Full transcription, minus images: write out the listing below exactly as it appears.

| DATA EXCERPT |
###
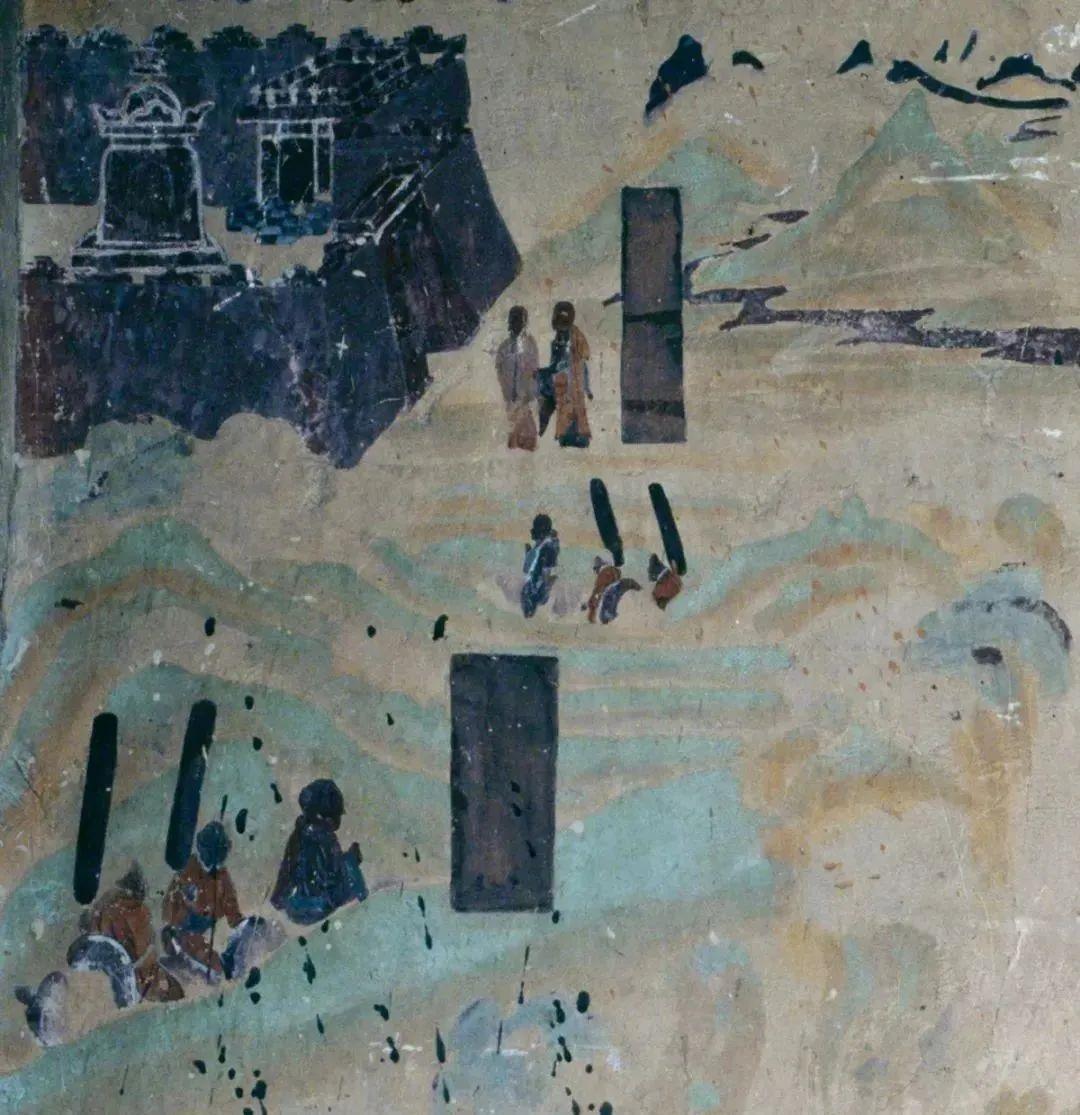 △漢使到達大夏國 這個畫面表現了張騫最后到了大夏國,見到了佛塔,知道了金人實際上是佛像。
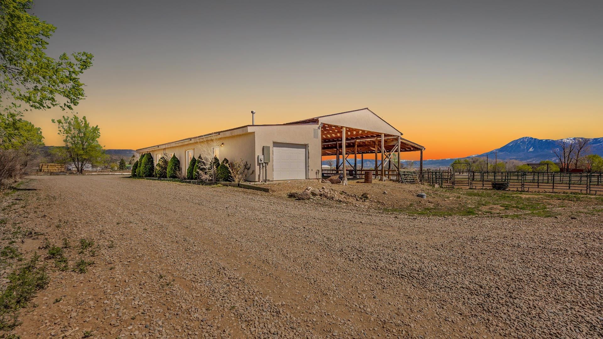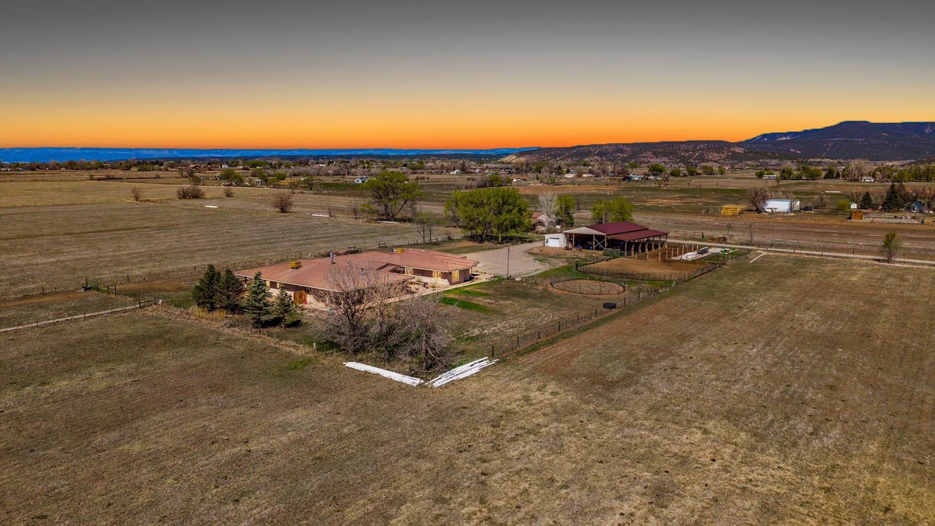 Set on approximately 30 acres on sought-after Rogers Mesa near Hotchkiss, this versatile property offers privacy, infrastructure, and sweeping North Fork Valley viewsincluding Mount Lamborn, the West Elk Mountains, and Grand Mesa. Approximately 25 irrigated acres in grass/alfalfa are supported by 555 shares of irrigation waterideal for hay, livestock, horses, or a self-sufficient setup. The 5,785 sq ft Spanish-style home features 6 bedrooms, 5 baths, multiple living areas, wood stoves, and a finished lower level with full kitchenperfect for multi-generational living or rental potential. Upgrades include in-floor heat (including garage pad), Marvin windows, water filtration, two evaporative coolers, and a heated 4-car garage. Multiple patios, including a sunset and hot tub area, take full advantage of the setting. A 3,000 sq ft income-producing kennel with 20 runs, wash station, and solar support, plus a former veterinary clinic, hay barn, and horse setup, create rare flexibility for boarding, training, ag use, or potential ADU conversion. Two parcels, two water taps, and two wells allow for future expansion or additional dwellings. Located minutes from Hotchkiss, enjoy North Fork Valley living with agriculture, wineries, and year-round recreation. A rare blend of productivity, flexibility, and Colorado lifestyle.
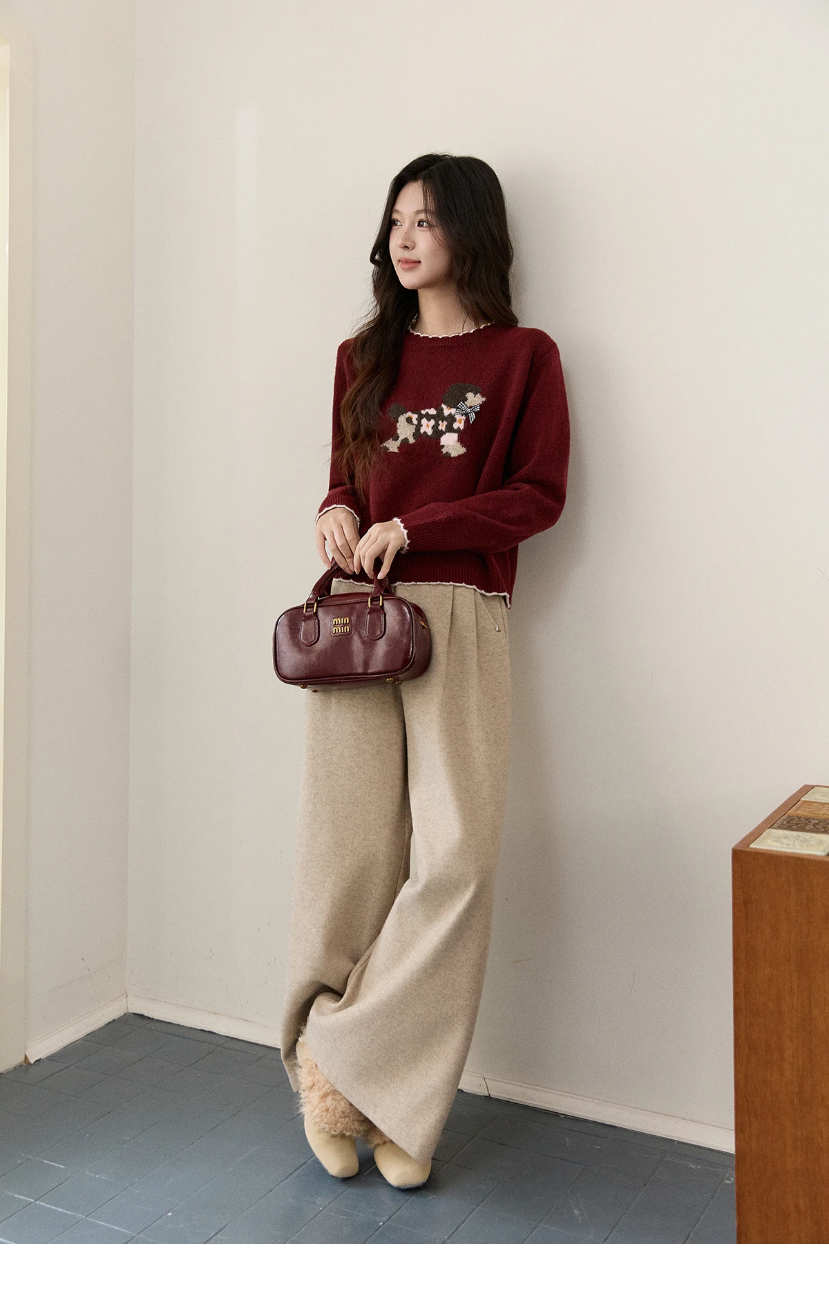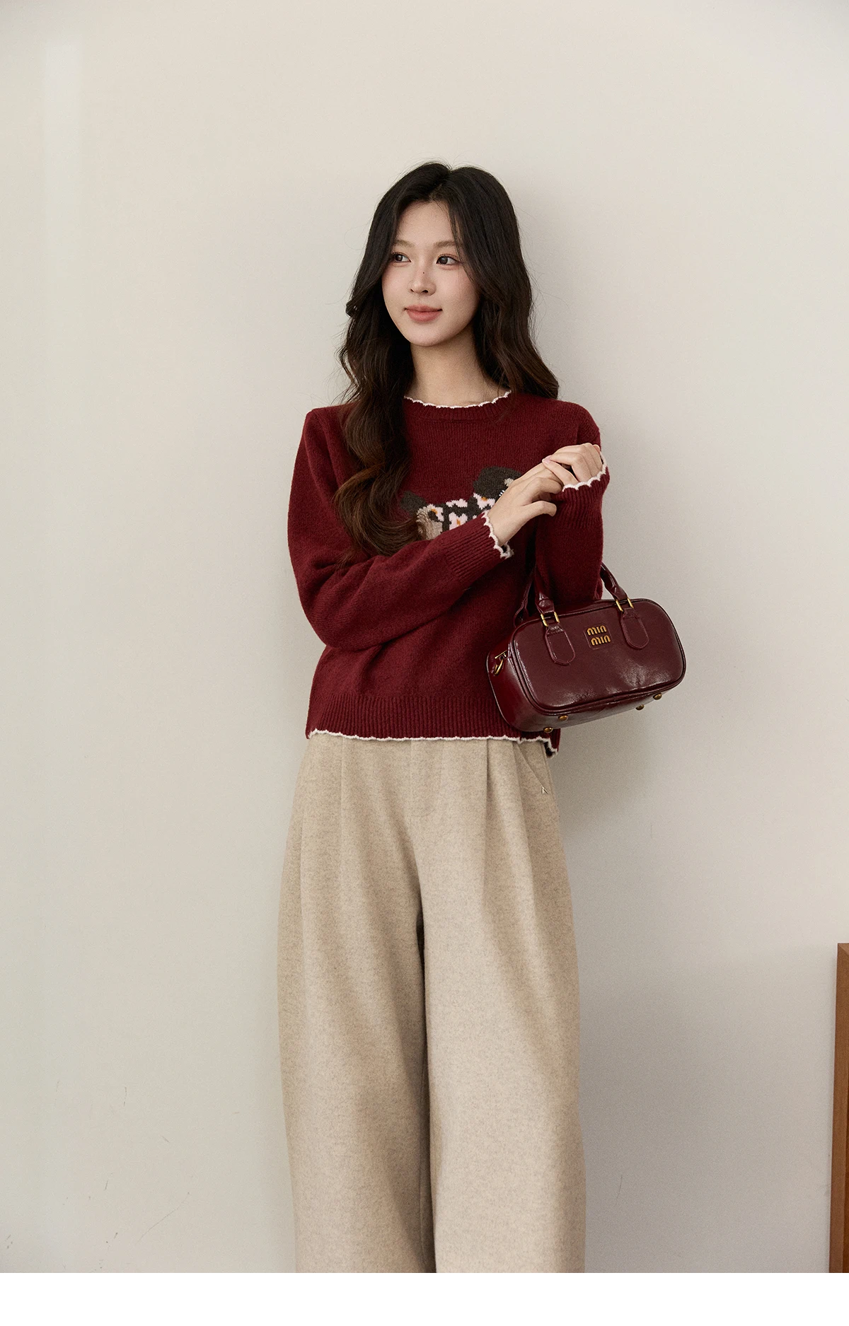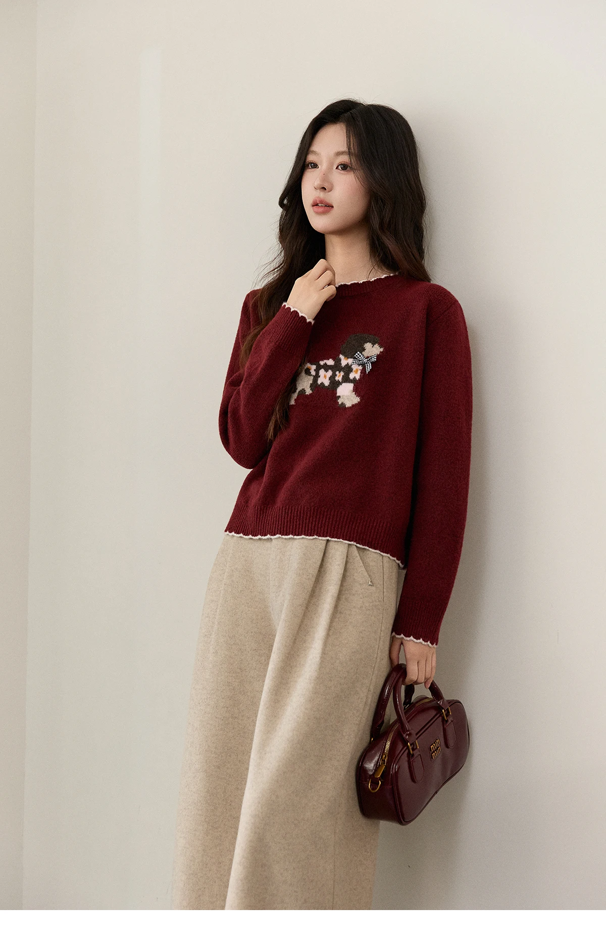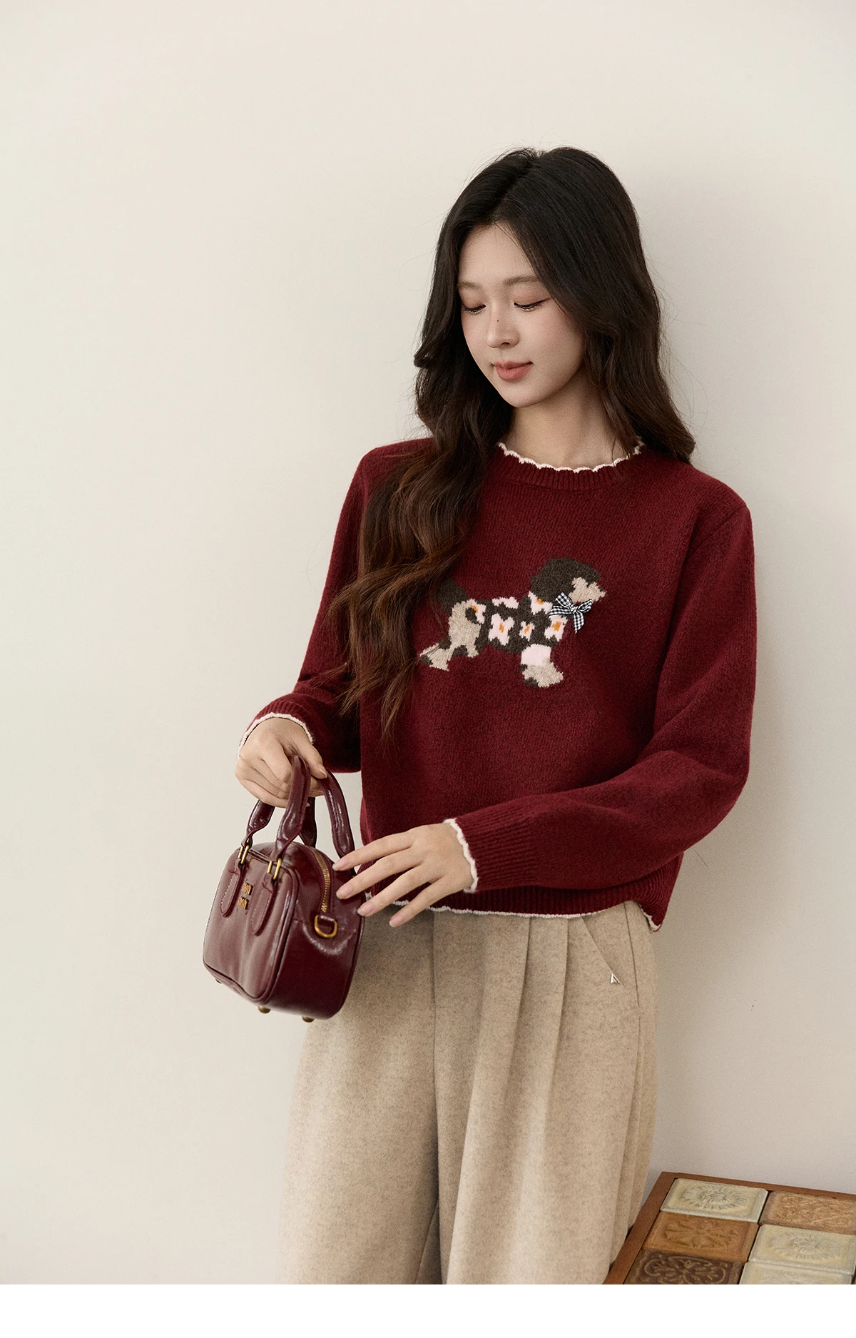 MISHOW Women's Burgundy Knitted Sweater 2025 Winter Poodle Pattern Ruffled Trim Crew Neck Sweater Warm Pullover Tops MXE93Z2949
###
| RESPONSE BOX |
 △漢使到達大夏國 這個畫面表現了張騫最后到了大夏國,見到了佛塔,知道了金人實際上是佛像。
 Set on approximately 30 acres on sought-after Rogers Mesa near Hotchkiss, this versatile property offers privacy, infrastructure, and sweeping North Fork Valley viewsincluding Mount Lamborn, the West Elk Mountains, and Grand Mesa. Approximately 25 irrigated acres in grass/alfalfa are supported by 555 shares of irrigation waterideal for hay, livestock, horses, or a self-sufficient setup. The 5,785 sq ft Spanish-style home features 6 bedrooms, 5 baths, multiple living areas, wood stoves, and a finished lower level with full kitchenperfect for multi-generational living or rental potential. Upgrades include in-floor heat (including garage pad), Marvin windows, water filtration, two evaporative coolers, and a heated 4-car garage. Multiple patios, including a sunset and hot tub area, take full advantage of the setting. A 3,000 sq ft income-producing kennel with 20 runs, wash station, and solar support, plus a former veterinary clinic, hay barn, and horse setup, create rare flexibility for boarding, training, ag use, or potential ADU conversion. Two parcels, two water taps, and two wells allow for future expansion or additional dwellings. Located minutes from Hotchkiss, enjoy North Fork Valley living with agriculture, wineries, and year-round recreation. A rare blend of productivity, flexibility, and Colorado lifestyle.
 MISHOW Women's Burgundy Knitted Sweater 2025 Winter Poodle Pattern Ruffled Trim Crew Neck Sweater Warm Pullover Tops MXE93Z2949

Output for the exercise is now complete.